Professional storage eliminates personal security risk and typically includes comprehensive insurance. Annual fees generally range from 0.1–0.5% of stored value depending on the provider.
Where to Buy Gold Bars
Reputable online dealers: The most competitive pricing. Look for established dealers with strong reviews, SSL-secured websites, insured shipping, clear buyback policies, and transparent pricing vs. spot. Compare multiple dealers before purchasing — spreads vary.
Local coin and bullion dealers: Allows in-person inspection before purchase. Useful for building a relationship with a trusted local source. Pricing may be slightly higher than online due to overhead.
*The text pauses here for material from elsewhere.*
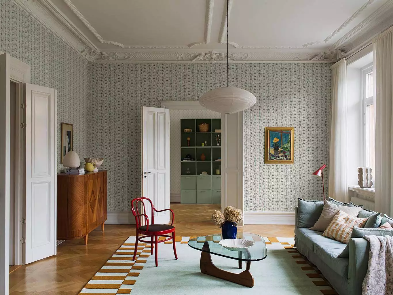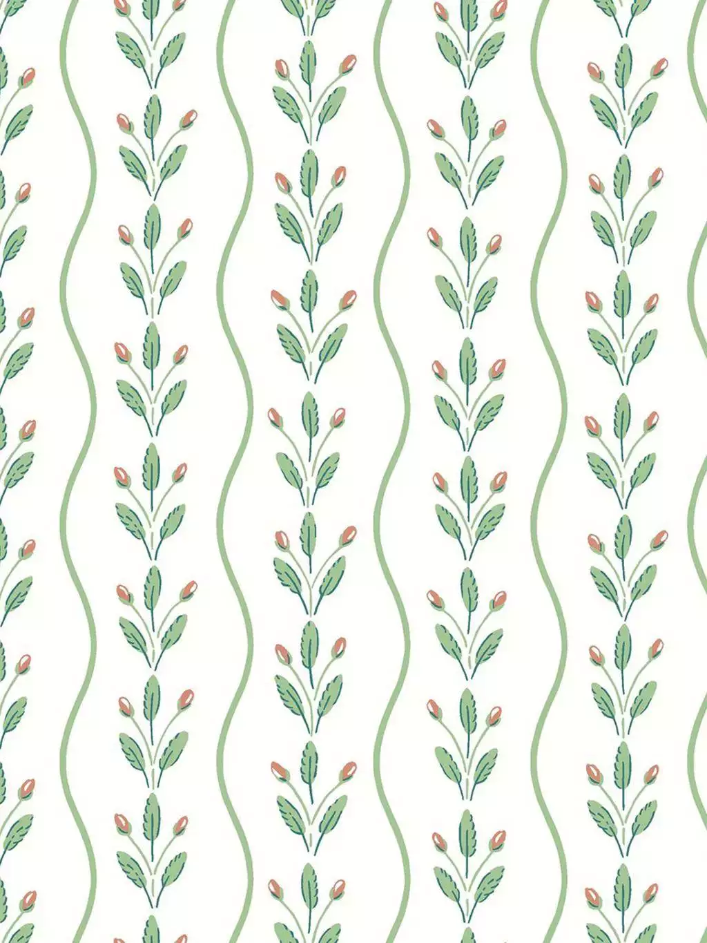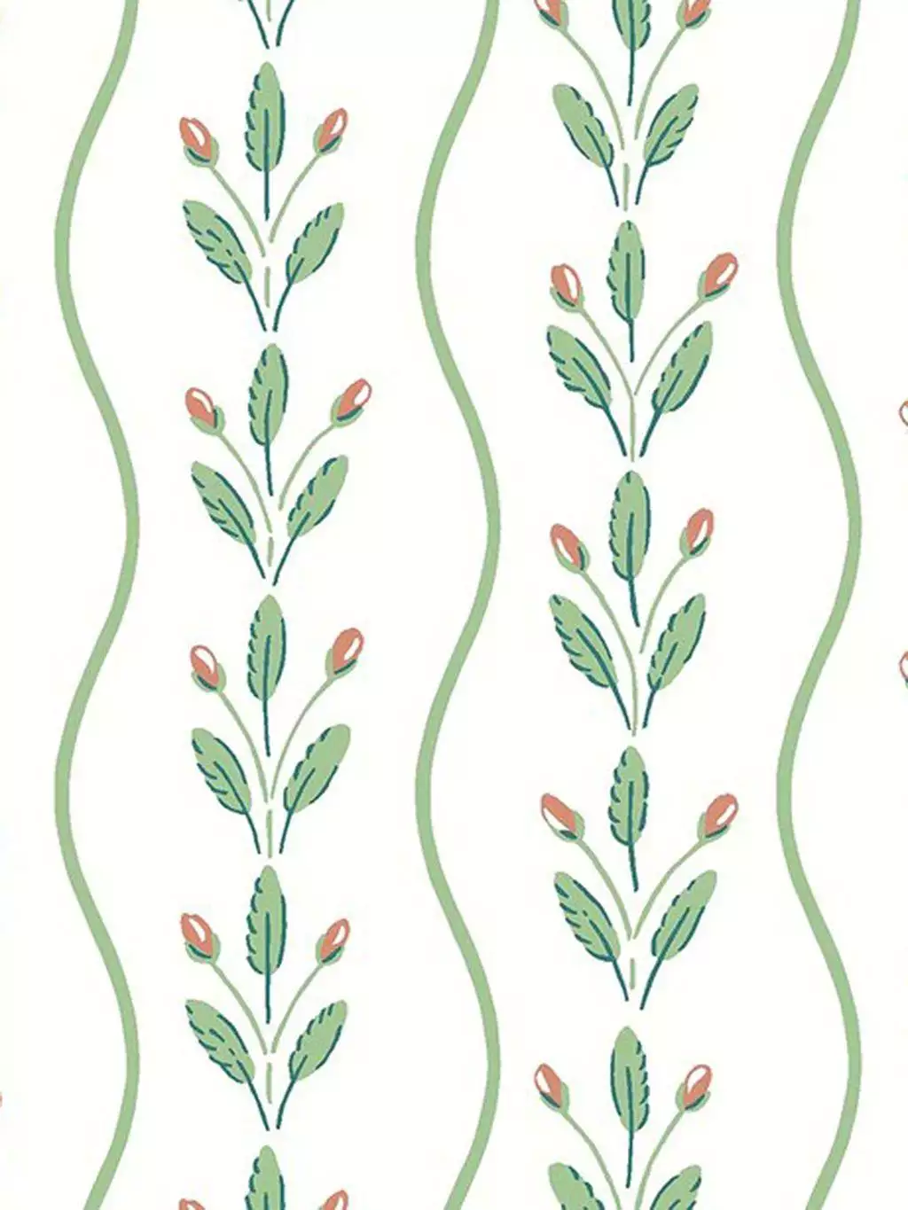 Streifen aus Blattranken und zarten Früchten wechseln sich mit schwungvollen Wellenlinien ab – leicht, freundlich, modern-klassisch. In Grün mit mittelblauen Akzenten und sanft roten Tupfen auf warmweißem Grund bringt Flower Buds spielerische Eleganz und Helligkeit an die Wand und passt vom skandinavischen Landhaus bis zum reduzierten Interieur.

Direct from mints: Some sovereign mints sell directly. Authenticity is guaranteed but pricing may not be the most competitive for secondary market transactions.
Gold Bars vs. Gold Coins
- Lower premiums: Bars almost always carry lower premiums than equivalent-weight coins, especially at larger sizes. If pure gold content at minimal cost is the goal, bars win.
- Divisibility: Coins are more divisible for selling in smaller lots. Selling a 1kg bar requires finding a buyer for the full amount.
- Legal tender: Sovereign coins have legal tender status, which provides tax advantages in some jurisdictions (check local rules).
- Collectibility: Some coins attract numismatic premiums over their gold content value — irrelevant for most investors but relevant for collectors.
Risks to Consider
- Counterfeiting: Purchase from verified dealers and LBMA-approved refiners only. Tungsten-filled bars exist in the market. For high-value bars, professional assaying provides certainty.
- Storage and theft: Physical gold requires genuine security. Under-insuring or improperly storing bars is a material risk.
- Price volatility: Gold can fall significantly in the short term. Investment-grade gold bars are a long-term holding, not a trading instrument.
- Liquidity at size: 1oz and 100g bars are highly liquid. Kilobars may require a dealer or institution as counterparty rather than a simple retail transaction.
Gold Bars FAQ
Are gold bars a good investment?
Gold bars are an effective long-term wealth preservation tool — a hedge against inflation, currency devaluation, and systemic financial risk. They are not a high-return growth asset. Their value derives from the gold price itself, which fluctuates but has historically maintained purchasing power over multi-decade periods.
How do I verify the authenticity of a gold bar?
Purchase from LBMA-approved refiners via reputable dealers. Check refiner stamp, purity mark, weight, and serial number against the assay certificate. For high-value bars, independent assaying via XRF (X-ray fluorescence) testing provides definitive verification.
What is the best size gold bar to buy?
The 1 troy ounce and 100 gram bars offer the best balance of reasonable premium, strong global liquidity, and manageable capital commitment for most individual investors. Larger bars (500g, 1kg) suit investors deploying significant capital who prioritise minimum premium over ease of liquidation.